Among the lines of data below, reproduce only those from the one with "Rick and Marty" through the one with "Dětské umyvadlo růžové", exactly as they stand, both ends included.

■ **Records provided**
***

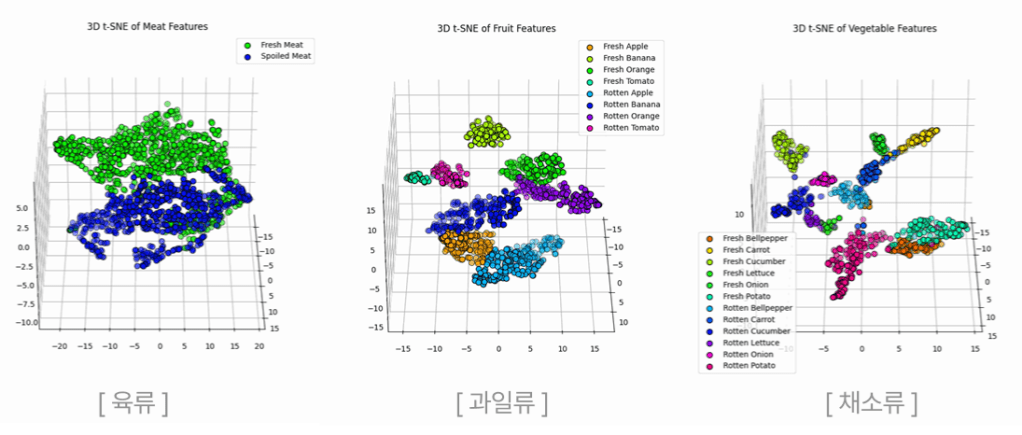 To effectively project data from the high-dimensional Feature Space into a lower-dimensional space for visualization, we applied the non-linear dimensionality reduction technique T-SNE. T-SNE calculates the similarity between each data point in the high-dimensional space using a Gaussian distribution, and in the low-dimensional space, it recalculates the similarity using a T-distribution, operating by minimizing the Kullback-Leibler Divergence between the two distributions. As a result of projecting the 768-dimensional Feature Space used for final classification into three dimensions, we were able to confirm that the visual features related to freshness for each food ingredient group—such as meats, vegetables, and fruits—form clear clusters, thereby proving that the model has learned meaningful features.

***

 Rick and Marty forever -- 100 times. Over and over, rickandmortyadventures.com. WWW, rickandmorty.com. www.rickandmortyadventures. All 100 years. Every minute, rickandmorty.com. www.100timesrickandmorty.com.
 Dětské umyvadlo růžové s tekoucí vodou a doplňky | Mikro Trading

***

■ **Answer space**
 Rick and Marty forever -- 100 times. Over and over, rickandmortyadventures.com. WWW, rickandmorty.com. www.rickandmortyadventures. All 100 years. Every minute, rickandmorty.com. www.100timesrickandmorty.com.
 Dětské umyvadlo růžové s tekoucí vodou a doplňky | Mikro Trading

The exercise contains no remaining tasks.